ねぇ、出ておいでよ。こんな事したって面白くないよ」
部屋の中から感じる気配。だけれども出てくる気配は全く無い。
大きくため息をつき、天井を見上げた。
幼い頃から一緒にいたのに、初めて喧嘩して。
だから謝る方法なんて全く知らなくて。
「あのさ、もしかしたら僕が悪かったのかもしれないよ。
僕が悪いんだったら謝らせるから。ラトビア辺りに。玩具にしてもいいよ。
でもさ、何で怒っているのか教えてくれると助かるんだけど」
それでも返事の無い彼女に、彼は俯いたまま、ただ沈黙し。
どれくらいの時が流れたのだろうか。
微かに聞こえてきた部屋の中からの物音に、肩を大きく震わせた。
ここで何て声をかけていいのかわからないから、彼は口をつぐんだまま、ドアを見つめた。
「……兄さん、約束してください」
中から聞こえてきた声は微かに震える声。
初めて聞く悲しげな声。
「……『一人で生きていける』だなんて言わないで。
兄さんが居なくなったら私は悲しくて消えてしまうから」
必死に涙をこらえているのだろうか。時折しゃくりあげる声も聞こえる。
そういえばと頭の片隅にある出来事が思い浮かんだ。ある小さな会議に参加して、小国に恐れられて。それでいらいらして。

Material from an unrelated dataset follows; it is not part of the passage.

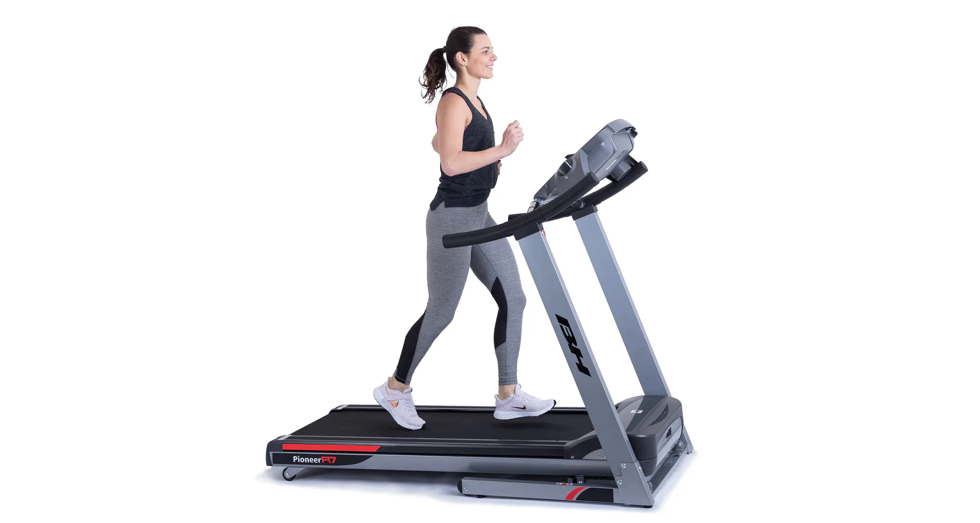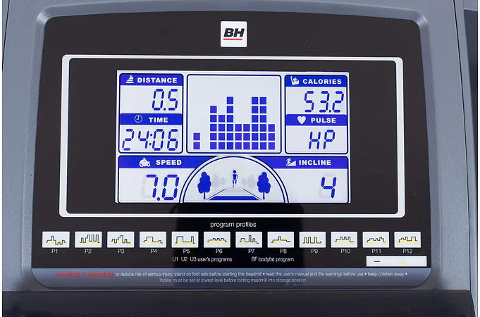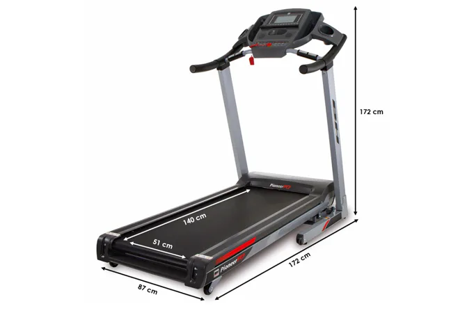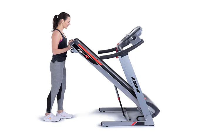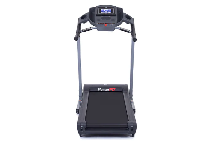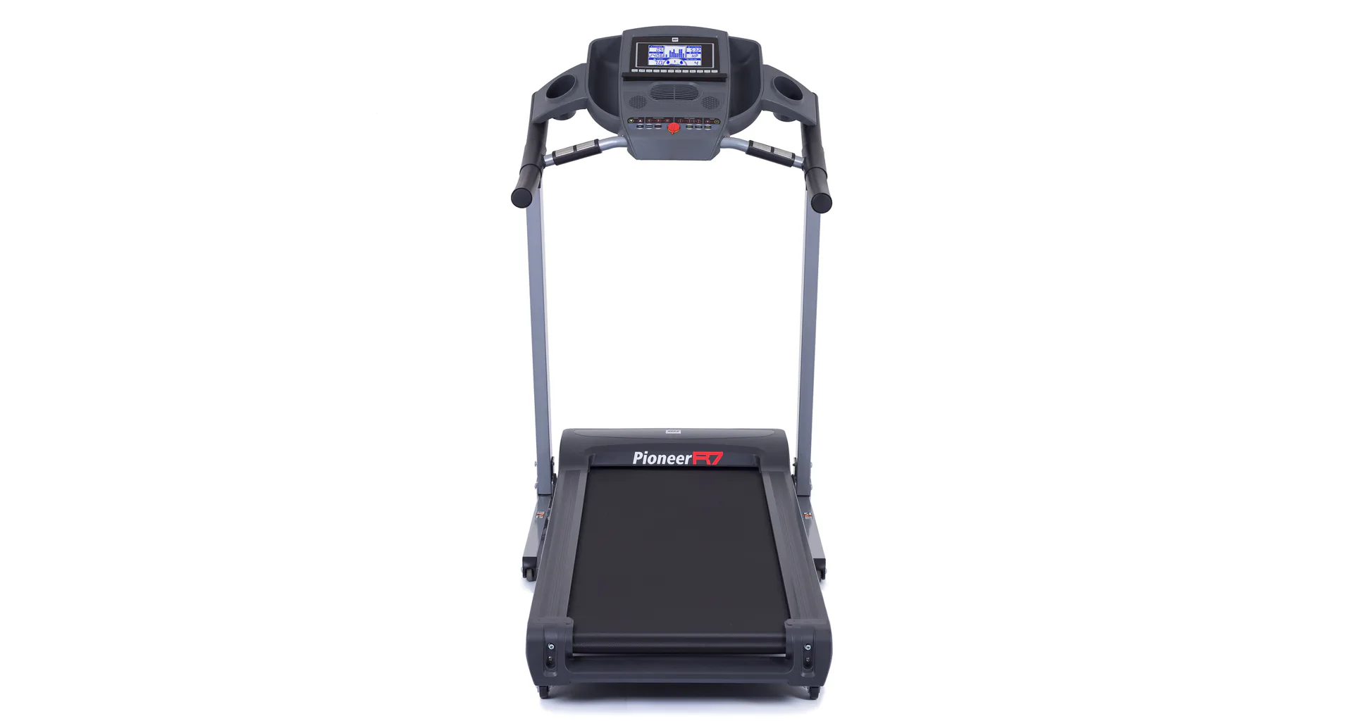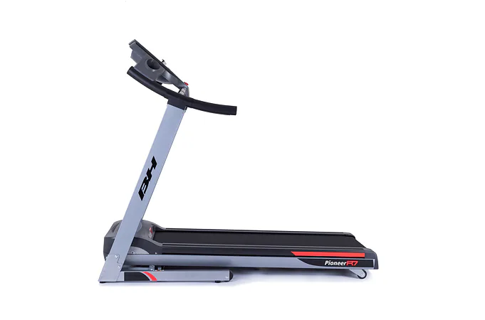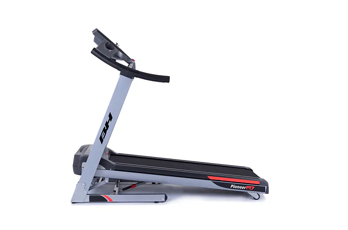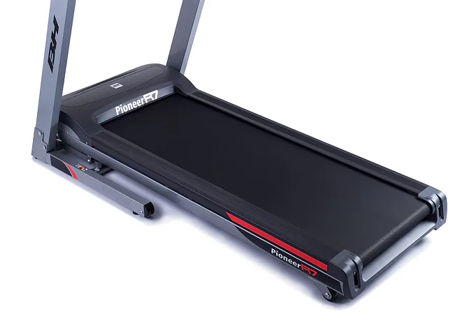 Běžecký pás BH Fitness PIONEER R7 disponuje počítačem s LCD displejem, držákem na lahev, senzory pro měření tepové frekvence a transportními kolečky. Po tréninku stroj snadno a rychle složíte.

周囲に対し、鋭い刃のような心をむき出しにし、誰も近づかないようにして。
それでも近寄ってきた妹を拒絶する発言をしてしまい。皆を、そして自分自身すらも拒絶する発言もして。「……ごめん……うん、それは僕が悪かったよ」
ドアに背を預け、彼女の言葉に大きく頷く。
「『誰にも必要とされない』だなんていわないで。
私は兄さんが全てで。兄さんがいるから私がここにいるから」
「うん。悪かった。僕も今は反省してるよ」
彼女の言葉をすんなりと受け入れ、何度も頷き。
「私は兄さんが大切。……不本意だけど、姉さんだって兄さんの事が大切で」
「……そう思ってくれて嬉しいよ」
「大切だから。私はそんな兄さんが大好きだから――」
そこで言葉がぴたりと止まった。
動きの無くなった部屋の中に首をかしげ、ノブを引こうとドアと対峙し。「――だから私と兄さんは一つになるべきなの――」
背後から聞こえた声。肩に冷たい手が置かれ。
恐る恐る後ろを振り返り。「だからさあ結婚結婚結婚けっこんけっこんけっこん」
「僕が悪かったからゆるしてぇぇぇっ!!」いつもの騒動の声を耳にしながら、サロンに居たウクライナは紅茶を傾けた。
口の中に甘い香りが広がる。穏やかな時間。
ぎしぎしと軋む床。がたがたと階段を駆け下りてくる音。それが途中で止まり、ロシアの悲鳴が響き渡る。
小さくため息をつくと、朗らかな笑みを浮かべ、二階を見上げた。
「うん、二人とも元気になったみたいだから……紅茶でも入れておいてあげよっと」
お湯で温めておいたカップに新しい紅茶を注いでいく。
ゆらりと立ち上がる湯気に頬を緩め。
「仲良いわねぇ。ロシアちゃんとベラルーシちゃんは。お姉ちゃん少しさみしいなぁ」
そうは言いながらも、ウクライナは幸せそうな顔で机の上に並べられた三つのカップを眺めていた。
初出 一年位前
『初めての喧嘩』がテーマでした。
ベラが『嫌い』というのもこういう時ぐらいしかないかなーと思いまして。